> [WHAT IS BEING ASKED] Output only the lines of the entries that follow, starting at the one with "Experience ultimate comfort" and running down to the one with "天然玉石原石手把件米黄玉貔貅玉把件男礼品黄玉裸石玉把玩件玉器", both included and unchanged.

> [RECORDS FOR THE TASK]
★ ★ ★ ★ ★ ★ ★

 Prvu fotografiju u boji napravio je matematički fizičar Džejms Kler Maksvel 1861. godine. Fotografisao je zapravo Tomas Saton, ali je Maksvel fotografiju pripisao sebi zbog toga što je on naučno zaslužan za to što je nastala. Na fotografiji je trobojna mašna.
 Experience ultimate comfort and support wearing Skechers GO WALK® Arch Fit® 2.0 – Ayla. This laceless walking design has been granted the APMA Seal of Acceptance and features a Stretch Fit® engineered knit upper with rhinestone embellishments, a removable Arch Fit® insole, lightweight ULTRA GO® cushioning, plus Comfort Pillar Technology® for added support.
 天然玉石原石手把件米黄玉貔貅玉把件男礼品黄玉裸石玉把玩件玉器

★ ★ ★ ★ ★ ★ ★

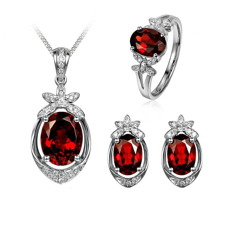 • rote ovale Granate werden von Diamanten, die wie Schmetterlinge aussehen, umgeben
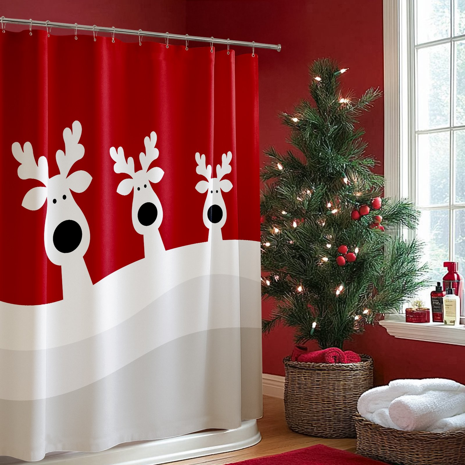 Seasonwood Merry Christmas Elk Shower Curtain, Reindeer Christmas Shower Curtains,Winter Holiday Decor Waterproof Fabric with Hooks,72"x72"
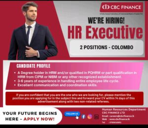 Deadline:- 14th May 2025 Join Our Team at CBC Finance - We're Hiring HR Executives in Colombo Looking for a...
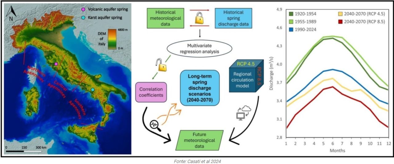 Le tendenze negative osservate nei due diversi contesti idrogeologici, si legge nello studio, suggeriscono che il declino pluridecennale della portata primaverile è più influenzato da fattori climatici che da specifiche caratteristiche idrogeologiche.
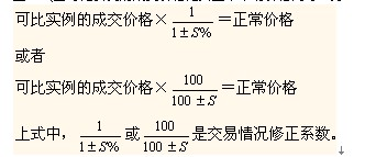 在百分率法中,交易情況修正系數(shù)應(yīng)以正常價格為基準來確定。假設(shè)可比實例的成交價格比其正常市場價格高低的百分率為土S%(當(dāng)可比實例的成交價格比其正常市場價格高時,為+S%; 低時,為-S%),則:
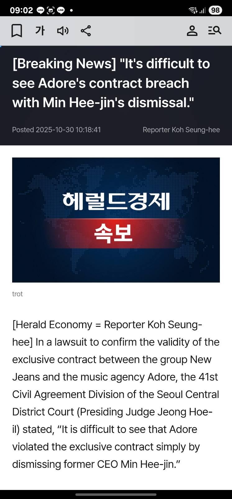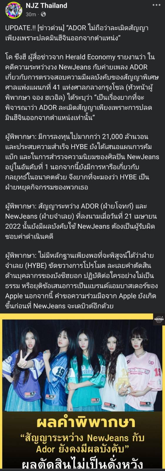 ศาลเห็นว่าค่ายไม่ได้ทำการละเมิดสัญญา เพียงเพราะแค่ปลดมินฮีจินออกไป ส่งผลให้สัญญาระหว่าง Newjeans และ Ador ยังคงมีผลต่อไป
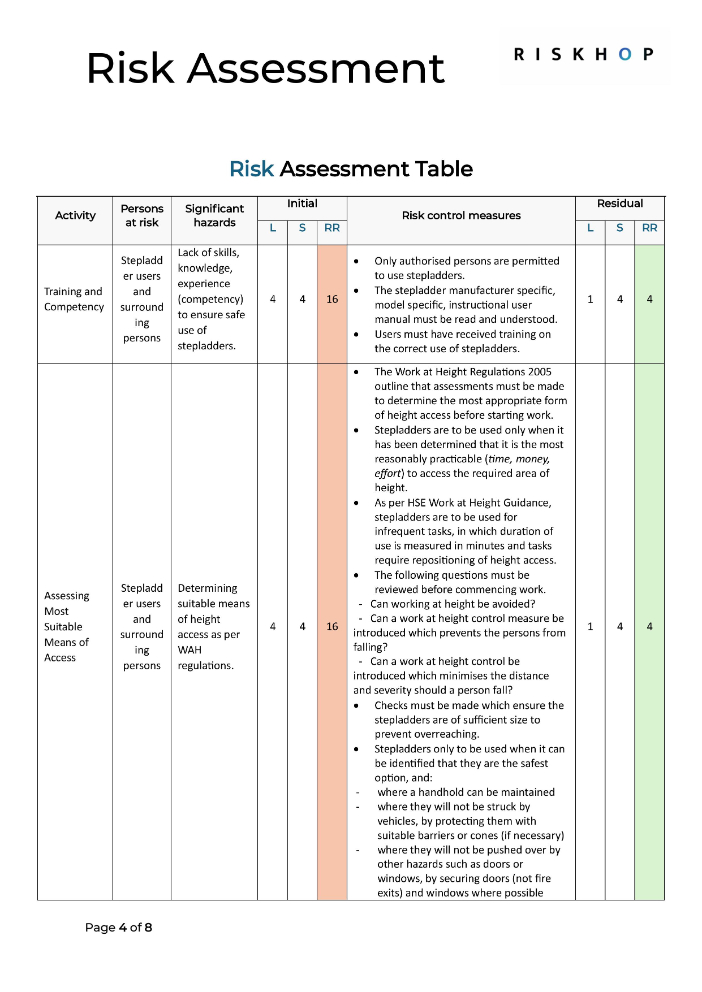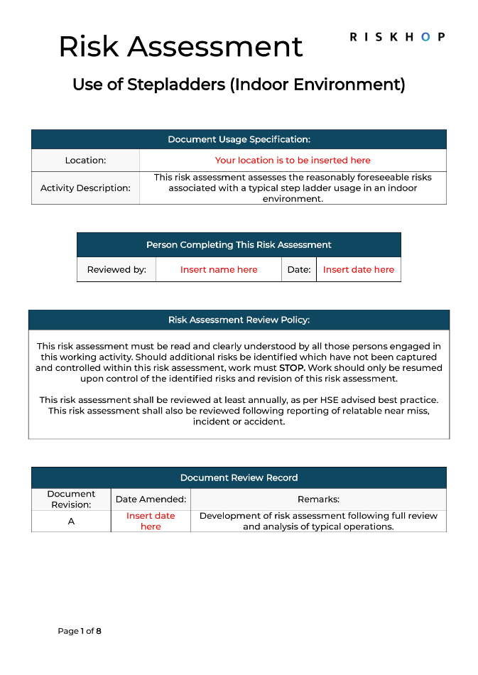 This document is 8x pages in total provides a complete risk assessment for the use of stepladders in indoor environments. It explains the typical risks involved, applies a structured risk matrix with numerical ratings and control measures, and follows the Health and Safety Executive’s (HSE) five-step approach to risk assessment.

★ ★ ★ ★ ★ ★ ★

> [ANSWER TO THIS PROBLEM]
 Experience ultimate comfort and support wearing Skechers GO WALK® Arch Fit® 2.0 – Ayla. This laceless walking design has been granted the APMA Seal of Acceptance and features a Stretch Fit® engineered knit upper with rhinestone embellishments, a removable Arch Fit® insole, lightweight ULTRA GO® cushioning, plus Comfort Pillar Technology® for added support.
 天然玉石原石手把件米黄玉貔貅玉把件男礼品黄玉裸石玉把玩件玉器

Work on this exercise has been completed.